* [Work to be completed]: Repeat the lines from the one containing "Découvrez ce lot" through the last line of the data, exactly, pictures omitted.

* [Supplied data]:
BEGIN

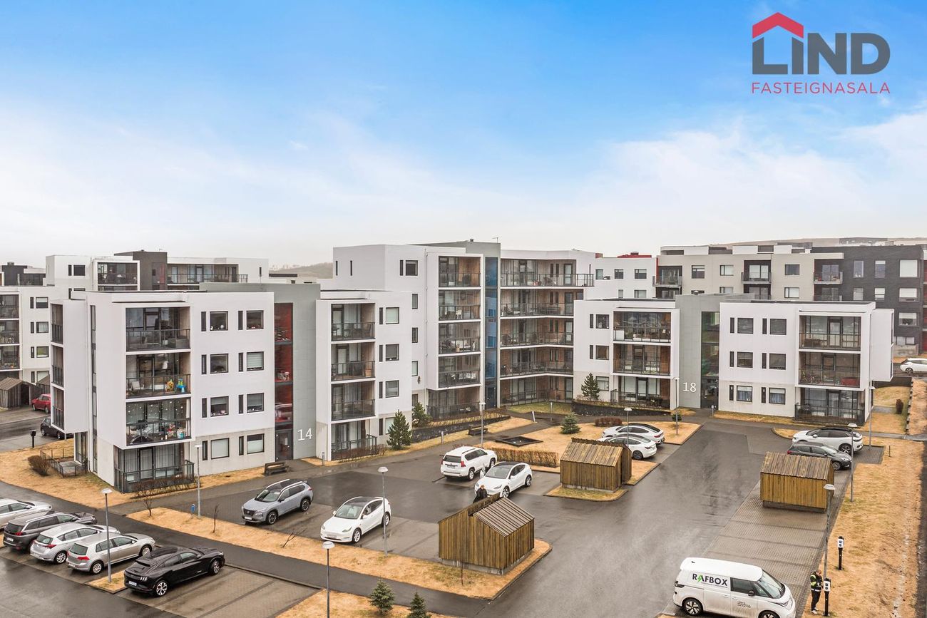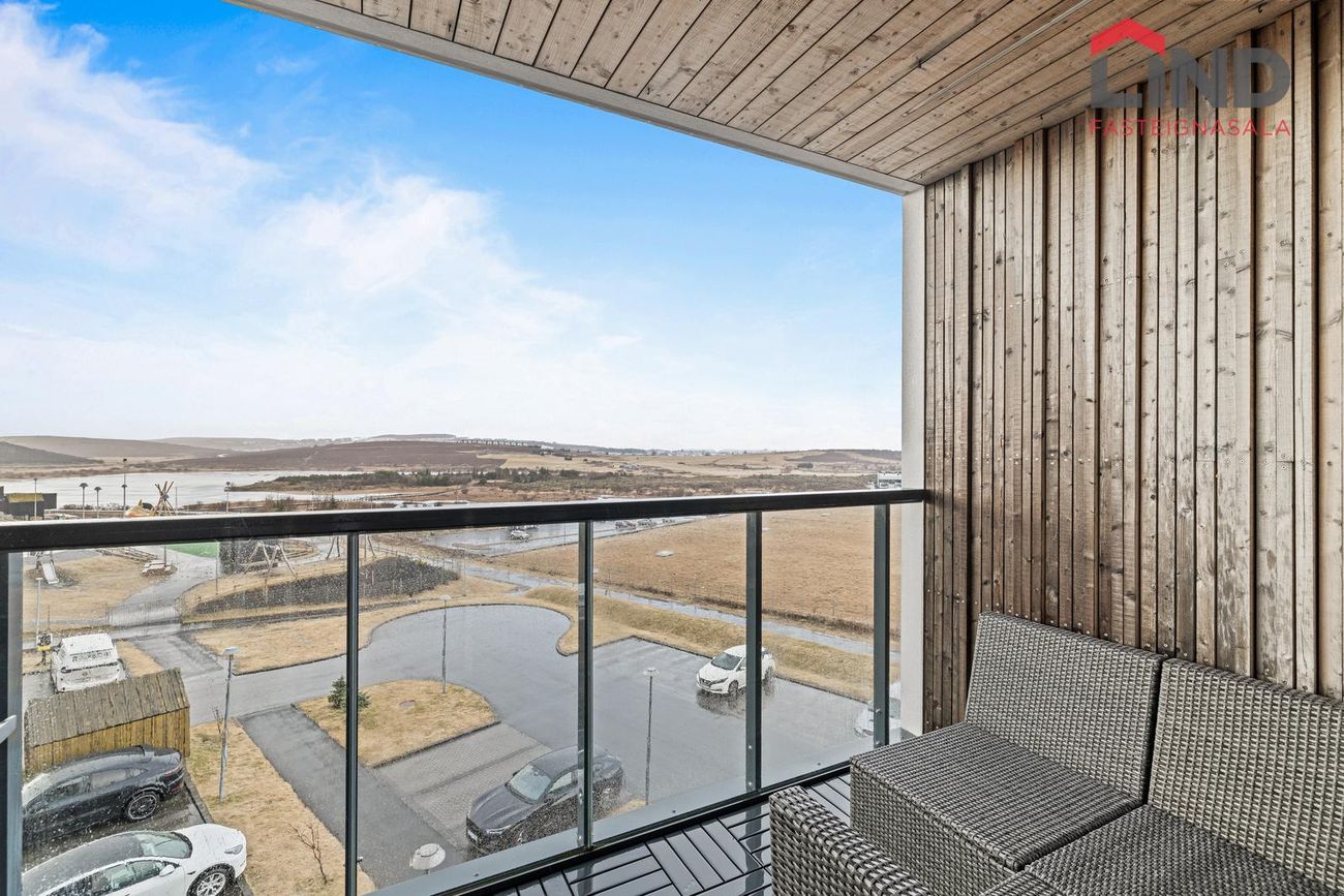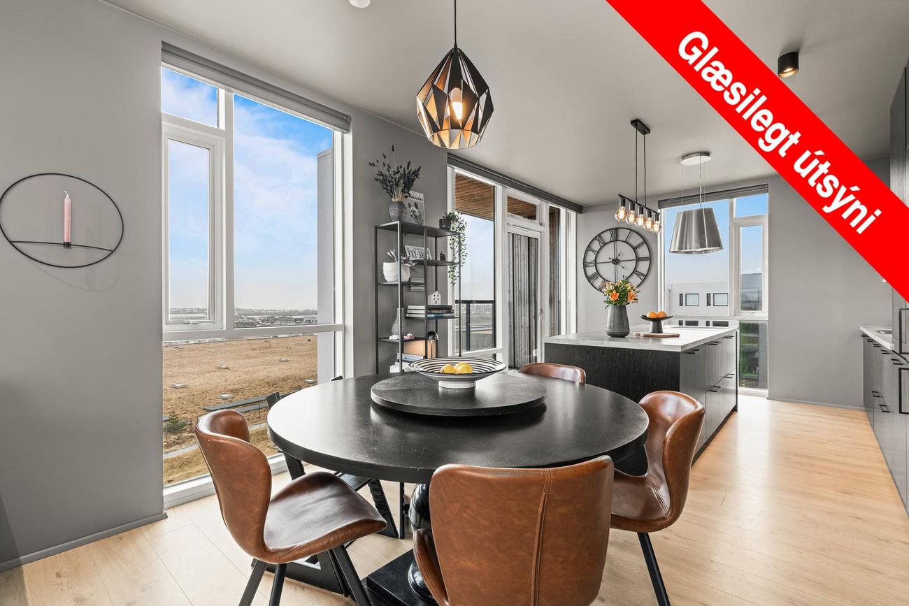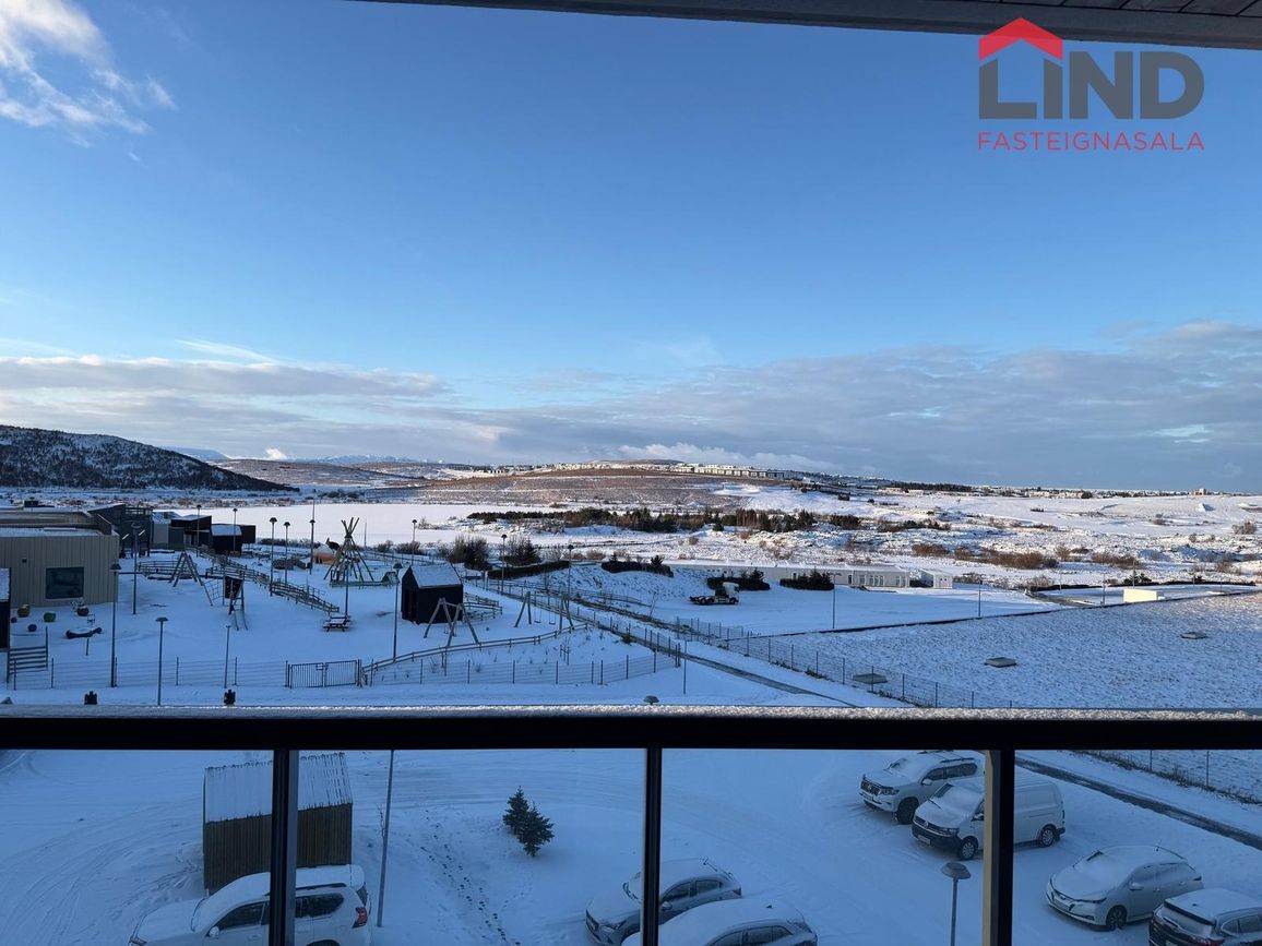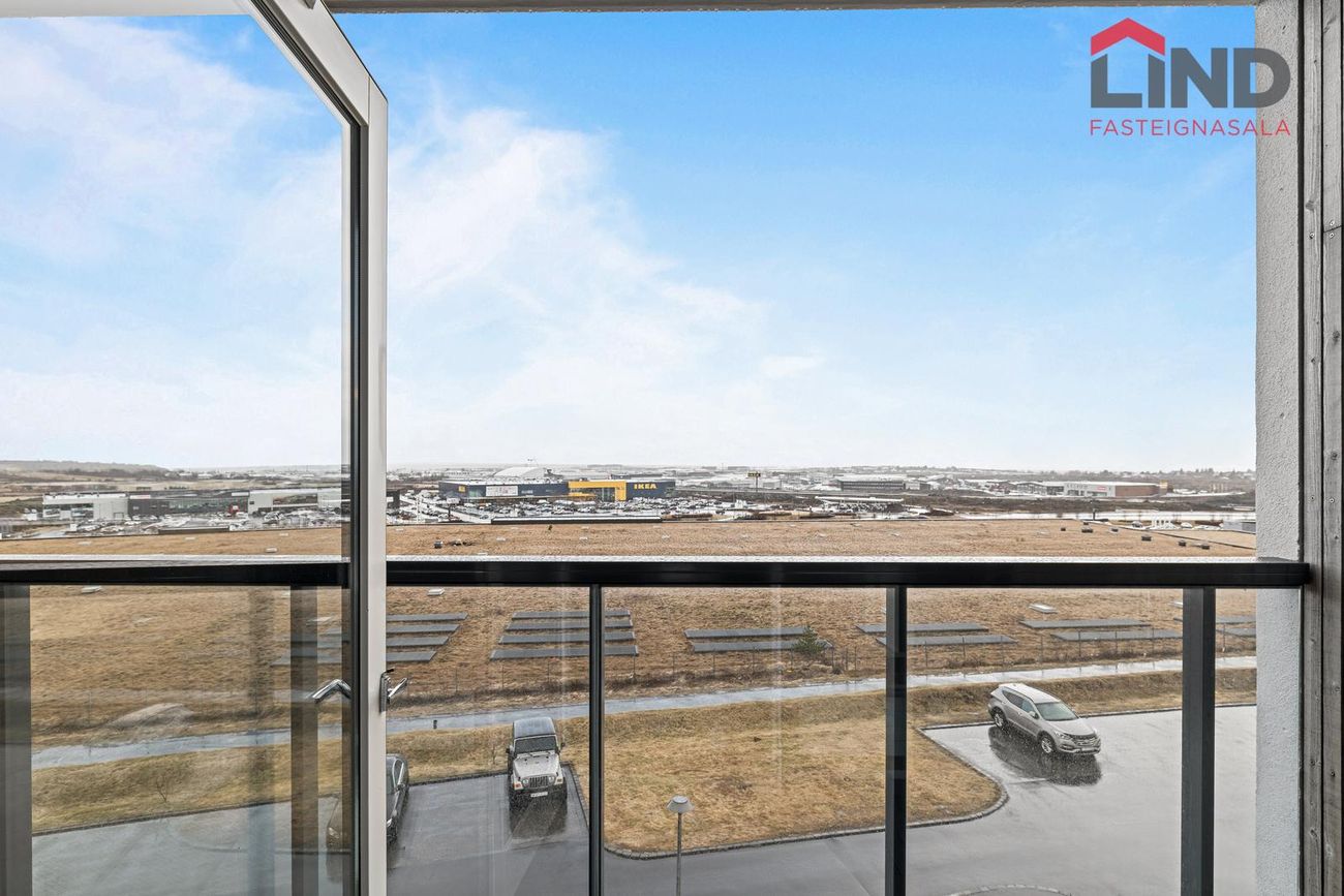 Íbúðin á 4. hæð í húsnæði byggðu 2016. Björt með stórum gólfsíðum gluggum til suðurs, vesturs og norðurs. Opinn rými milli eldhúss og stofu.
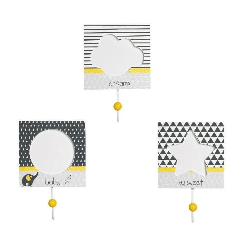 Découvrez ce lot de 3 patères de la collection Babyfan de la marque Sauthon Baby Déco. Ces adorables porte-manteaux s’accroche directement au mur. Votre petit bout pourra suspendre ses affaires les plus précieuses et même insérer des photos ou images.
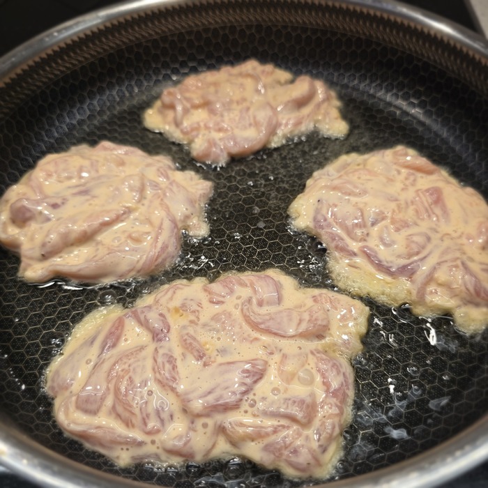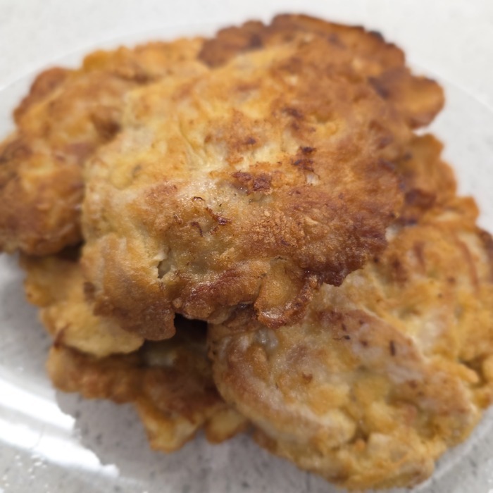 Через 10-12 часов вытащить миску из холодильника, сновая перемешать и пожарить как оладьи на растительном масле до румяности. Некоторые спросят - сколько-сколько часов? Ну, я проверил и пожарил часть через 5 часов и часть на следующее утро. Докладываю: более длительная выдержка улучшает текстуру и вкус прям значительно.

END

* [Finished task]:
 Découvrez ce lot de 3 patères de la collection Babyfan de la marque Sauthon Baby Déco. Ces adorables porte-manteaux s’accroche directement au mur. Votre petit bout pourra suspendre ses affaires les plus précieuses et même insérer des photos ou images.
 Через 10-12 часов вытащить миску из холодильника, сновая перемешать и пожарить как оладьи на растительном масле до румяности. Некоторые спросят - сколько-сколько часов? Ну, я проверил и пожарил часть через 5 часов и часть на следующее утро. Докладываю: более длительная выдержка улучшает текстуру и вкус прям значительно.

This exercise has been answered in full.